Military Reports Skewed Too Positive on ISIS Fight, GOP Task Force Says

A Republican report concluded that the military was overly optimistic.

ByABC News
August 11, 2016, 12:48 PM
ABC News goes to the front lines in the fight against ISIS in Iraq.
ABC News goes to the front lines in the fight against ISIS in Iraq.
ABC News

— -- Reports on the campaign against ISIS and the training of Iraqi security forces from U.S. Central Command (CENTCOM) were overly optimistic and edited to "more positively reflect the situation on the ground," according to a new report from a House Republican task force.

The GOP investigation found that CENTCOM’s reports from the fall of 2014 to the summer of 2015 relied too heavily on rosy assessments from commanders in the Middle East, as opposed to "vetted" intelligence from analysts. The report was prompted by the Pentagon inspector general’s inquiry into whether intelligence reports were altered. Concerns were first raised by a whistleblower in May of 2015.

The result, according to officials interviewed by the GOP task force set up to investigate CENTCOM intelligence reporting, "cast U.S. efforts in a more positive light" and was more optimistic than other reports from the intelligence community.

"Every time that there was a change it was a change in one direction –- that America was being more successful in defeating ISIS," Rep. Mike Pompeo, R-Kansas, an Intelligence Committee member who is spearheading the effort, told ABC News.

The report also highlighted several instances where public testimony and statements from CENTCOM appeared more positive than events on the ground.

The findings of the joint task force -- created by the chairmen of the House Armed Services Committee, the House Permanent Select Committee on Intelligence and the House Appropriations Subcommittee on Defense -- stop short of alleging any outright political motivation was behind the overly positive analysis.

"There are many inside of CENTCOM who believe that was the case," Pompeo said. "When the narrative from the administration is that we are defeating ISIS, and the facts on the ground are different, you’re in a really bad spot."

It is also not clear from the report if any of the specific intelligence assessments in question ever made it into President Obama’s briefings.

Democrats, in their own investigation into the manipulation of intelligence reports, found no evidence of politicization, but similarly described an "overly insular" intelligence gathering process that was "sometimes slow and insufficiently accommodating of dissent."

The GOP task force called these "interim conclusions" and said it has not yet received all requested materials from CENTCOM. The task force will continue its work after the investigation by the Department of Defense Inspector General (IG) is complete.

According to Commander Kyle Raines, a spokesman for CENTCOM, the Congressional Joint Task Force initial report has been "seen and we appreciate the independent oversight provided."

"We are reviewing the findings of the initial report; since the Joint Task Force investigation is ongoing, as is the DoD IG's investigation, we will refrain from further comment at this time," he said.

A Pentagon spokesman noted that the Defense Department's inspector general is conducting its own investigation of the matter.

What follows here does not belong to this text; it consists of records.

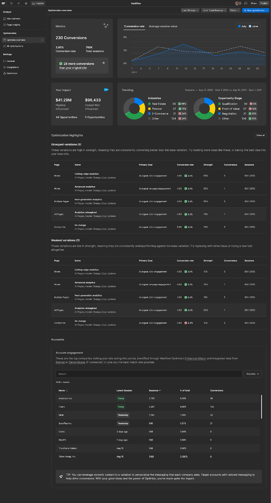 The Optimize overview page gives you a high-level view of the overall impact your optimization efforts are having across your website. On this page, valuable insights into visitor engagement are front and center; see which companies are visiting your site, evaluate the performance of your variations, and even compare different optimization scenarios with the ROI simulator.
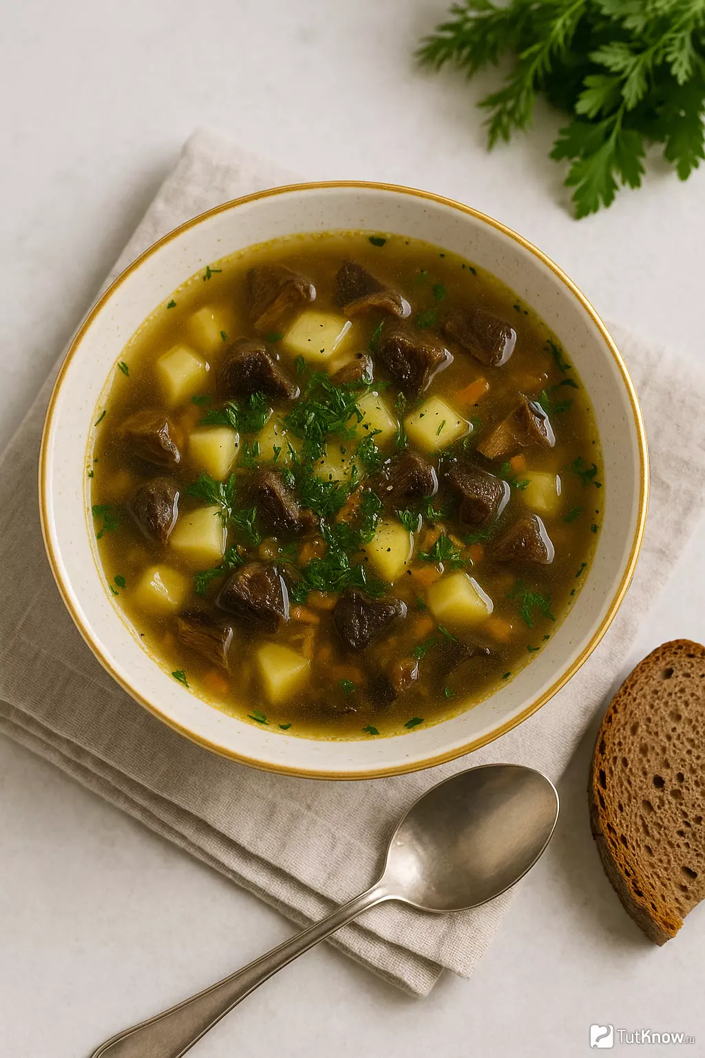Сушёные грибы сами по себе обладают богатым и насыщенным вкусом, который можно усилить без использования мясного бульона. Один из способов — это правильно подготовить грибы перед добавлением в суп. Замочите их в тёплой воде на 20-30 минут, чтобы они стали мягче и отдали свой аромат. Воду, в которой замачивались грибы, можно использовать в качестве основы для супа, ведь она насыщена грибными нотками.
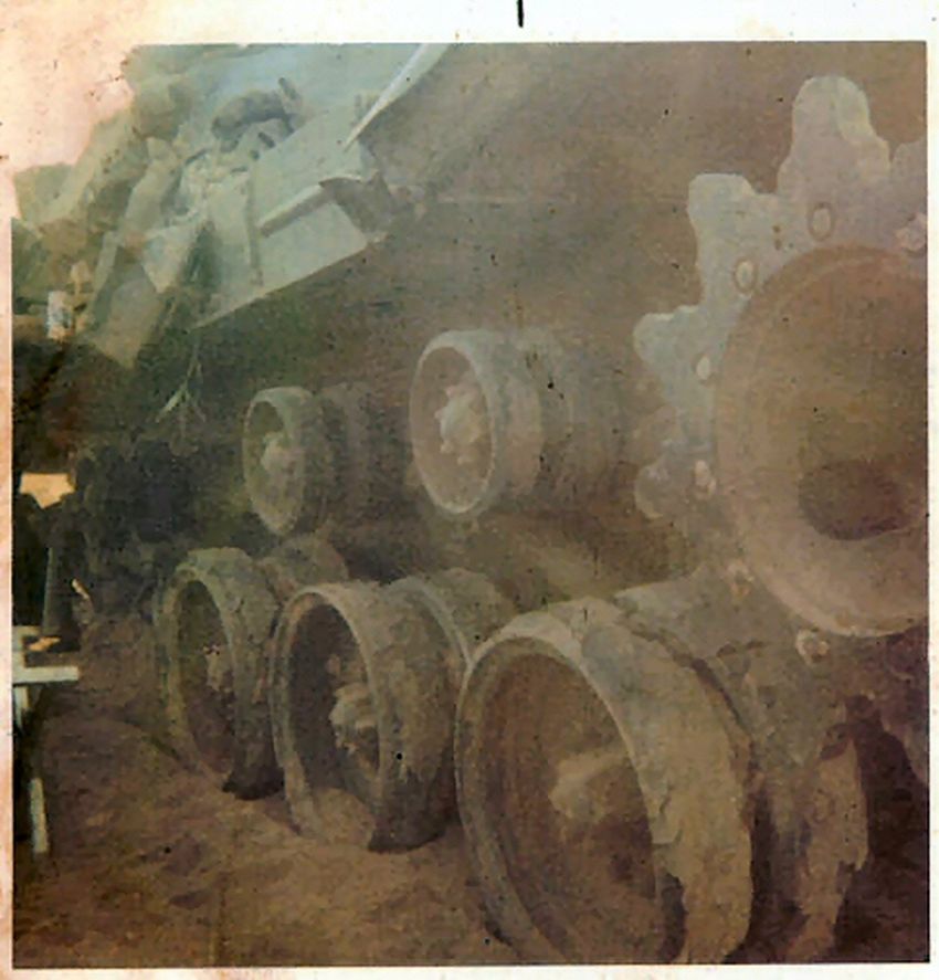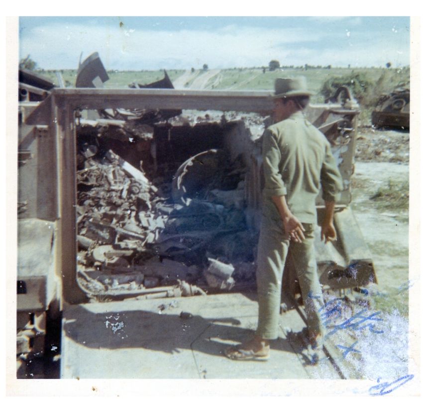 AN ARMORED PERSONNEL CARRIER DESTROYED BY A MINE
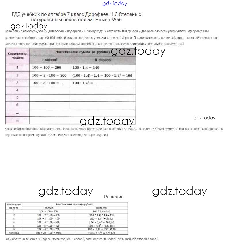 Ответы к Решение к упражнениям 66 Учебнику по Алгебре для 7 класса Дорофеев, Суворова Просвещение Академический школьный учебник 2020
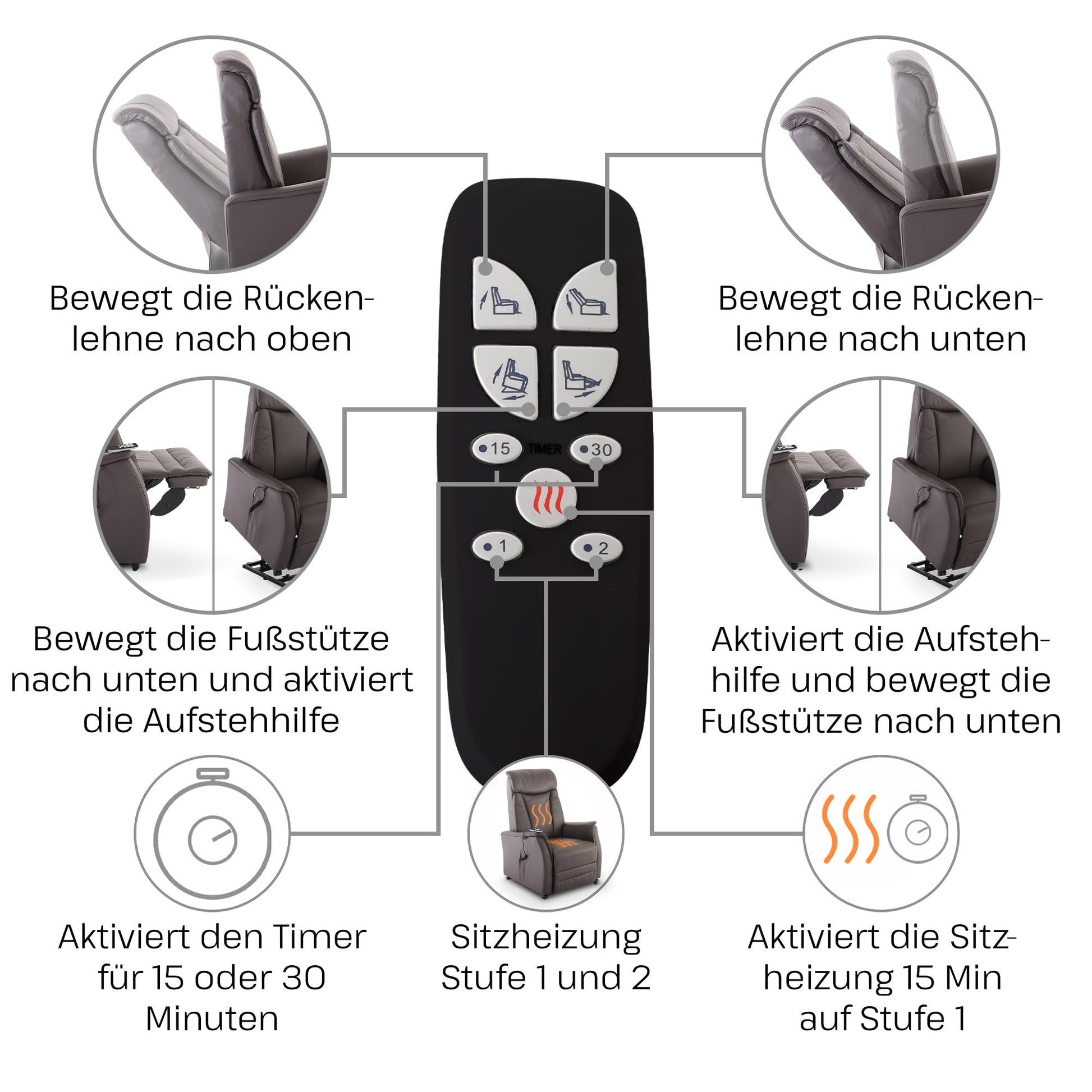 - ✅ Elektrische Aufstehhilfe: Sicheres & müheloses Aufstehen durch leises Heben des Sessels. Ideal für Senioren & Personen mit eingeschränkter Beweglichkeit.

Though he could not comment directly on the ongoing I.G. investigation, Commander Patrick Evans said that senior civilian and military leaders use a wide range of assessments provided by the intelligence community and from other sources in their planning and decision making.

"Experts sometimes disagree on the interpretation of complex data, and the Intelligence Community and Department of Defense welcome healthy dialogue on these vital national security topics," said Evans.

Last November Obama addressed the ongoing inspector general probe.

"One of the things I insisted on the day I walked into the Oval Office was that I don’t want intelligence shaded by politics," he said. "It feels to me like, at my level at least, we’ve had a pretty clear-eyed, sober assessment of where we’ve made real progress and where we have not."